The first time Renan Barao stepped in a cage, he lost. Apparently, that result sparked the spirit of war within, because since then, all he’s done is win and win and win some more. He shows up in town riding an incredible 30-fight unbeaten streak, a number seldom approached in a sport where defeat can be found in so many different ways. In all that time, no one was able to capitalize on a single deficiency in his game, nobody caught him with a perfect punch while his guard was down, or tied him into a knot on the ground? It boggles the mind.

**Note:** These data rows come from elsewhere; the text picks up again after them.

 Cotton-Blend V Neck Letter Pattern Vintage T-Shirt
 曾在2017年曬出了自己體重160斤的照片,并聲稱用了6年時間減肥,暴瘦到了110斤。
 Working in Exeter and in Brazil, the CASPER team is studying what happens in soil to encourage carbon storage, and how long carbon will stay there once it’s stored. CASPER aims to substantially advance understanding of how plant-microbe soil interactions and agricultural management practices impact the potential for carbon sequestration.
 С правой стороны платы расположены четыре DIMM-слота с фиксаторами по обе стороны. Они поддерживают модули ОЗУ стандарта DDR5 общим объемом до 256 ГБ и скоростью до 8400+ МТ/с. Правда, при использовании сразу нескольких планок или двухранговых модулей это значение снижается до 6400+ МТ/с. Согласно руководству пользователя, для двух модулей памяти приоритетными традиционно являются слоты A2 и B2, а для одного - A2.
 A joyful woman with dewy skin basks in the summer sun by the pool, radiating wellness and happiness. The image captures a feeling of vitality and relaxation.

In fact, according to FOX Sports research, Barao’s run is the third-longest undefeated stretch in MMA history, behind Travis Fulton (40) and Igor Vovchanchyn (36). Most importantly, he’s done some of his best work inside the octagon, with wins over former featherweight champ Urijah Faber, perennial contenders Scott Jorgensen and Brad Pickett, and young upstart Michael McDonald.

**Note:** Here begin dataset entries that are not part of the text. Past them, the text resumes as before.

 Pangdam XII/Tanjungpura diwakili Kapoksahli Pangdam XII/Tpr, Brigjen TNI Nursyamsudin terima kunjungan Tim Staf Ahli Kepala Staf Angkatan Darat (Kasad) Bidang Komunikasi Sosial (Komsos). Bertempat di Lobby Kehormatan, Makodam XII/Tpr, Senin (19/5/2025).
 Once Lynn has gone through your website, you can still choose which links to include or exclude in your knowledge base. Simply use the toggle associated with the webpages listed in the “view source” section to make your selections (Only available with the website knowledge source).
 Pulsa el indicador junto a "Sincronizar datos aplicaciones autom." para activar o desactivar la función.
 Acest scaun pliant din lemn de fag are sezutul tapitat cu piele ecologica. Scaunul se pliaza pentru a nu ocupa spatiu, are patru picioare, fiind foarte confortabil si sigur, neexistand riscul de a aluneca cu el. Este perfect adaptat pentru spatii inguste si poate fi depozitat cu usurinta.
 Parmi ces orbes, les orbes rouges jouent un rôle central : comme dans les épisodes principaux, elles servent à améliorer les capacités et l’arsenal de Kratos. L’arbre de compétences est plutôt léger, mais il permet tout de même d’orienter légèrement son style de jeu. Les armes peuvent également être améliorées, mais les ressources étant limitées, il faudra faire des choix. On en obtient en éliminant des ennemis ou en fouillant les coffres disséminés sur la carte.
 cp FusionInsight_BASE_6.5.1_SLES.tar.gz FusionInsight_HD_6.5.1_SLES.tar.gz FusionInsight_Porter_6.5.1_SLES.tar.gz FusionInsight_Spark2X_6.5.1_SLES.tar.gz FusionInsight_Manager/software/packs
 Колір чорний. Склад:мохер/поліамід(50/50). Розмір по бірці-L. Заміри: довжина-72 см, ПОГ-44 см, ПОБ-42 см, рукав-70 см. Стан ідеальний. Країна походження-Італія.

And the man he’s facing ... what does he think of all this?

“He’s won a bunch of fights. Big deal,” Eddie Wineland told FOX Sports. “He hasn’t fought me yet, basically. I guess it’s an amazing streak but we’ll see how it fares after he faces me.”

If that comes off a bit condescending, Wineland doesn’t necessarily mean it that way. In fact, he believes that given champion Dominick Cruz’s absence from the division — it will be two years on Oct. 1 — Barao has a legitimate claim as the best 135-pounder in the world. Yet for now, he can only claim the interim bantamweight crown.

That largely ceremonial title along with the first crack at Cruz when he makes his expected return in January is what’s at stake when Wineland and Barao face off in the UFC 165 co-main event.

Wineland has competed in big matches before. He was the first-ever WEC bantamweight champion, and within the last two years fought both Faber and Joseph Benavidez. While he lost both of those matchups by decision, he attributed the setbacks to over-thinking strategy and competing with too much concern for his opponent’s skills. In response, he says, he “mentally reset” himself.

That doesn’t sound easy, but apparently it worked. Since then, he knocked out Scott Jorgensen and beat the tough Brit Brad Pickett.

“It actually is very hard to do,” he said. “When you go through tough times in training you have to keep telling myself, ‘I’m not going to let this guy beat me. I’m not going to let him take me down. Whatever I don’t want him to do, he’s not going to do.’ When you put your mind to it, it starts happening.”


Under that scope, his downgrading of Barao’s streak makes more sense.

To Wineland, this marks a return to his old ways when he was a young gunslinger who went from a 3-4-1 career start to nine straight wins and the WEC title. At the time, he didn’t even understand where he was headed. Competition was just an itch worth scratching, and it put him among the best where he remains all this time later.

While Barao boasts the more impressive resume and the flashier moves, Wineland has the kind of fight-changing power that is rare among lighter weight classes. According to FightMetric stats, he averages .55 knockdowns per 15 minutes, which is nearly double the UFC average for all divisions. If he can keep the fight standing, well, then maybe he’s not so crazy with his thoughts on Barao’s streak.

“There’s one thing I know, and it’s when I get in there and I’m on point, there’s no one who’s going to beat me,” he said.

Mental strength is a big part of his platform for the fight. Wineland believes he simply wants UFC gold more than Barao, who has at least had a small taste of it.

To be honest, Wineland doesn’t see much in the way of holes in his opponent’s game. Barao fights with an unorthodox style, he’s good at wrestling and striking and submissions. His conditioning always seems to be strong, too. In other words, his stats are backed by his skills. But to Wineland, that number is finite, and inconsequential, only a tool to describe where Barao’s been, not necessarily where he’s going.

“I’ll admit, it’s amazing, but it does nothing to me,” he said. “He can’t hit me with a streak. He won 30 fights in a row. That’s awesome. Congratulations to the guy, but it does nothing to frighten me.”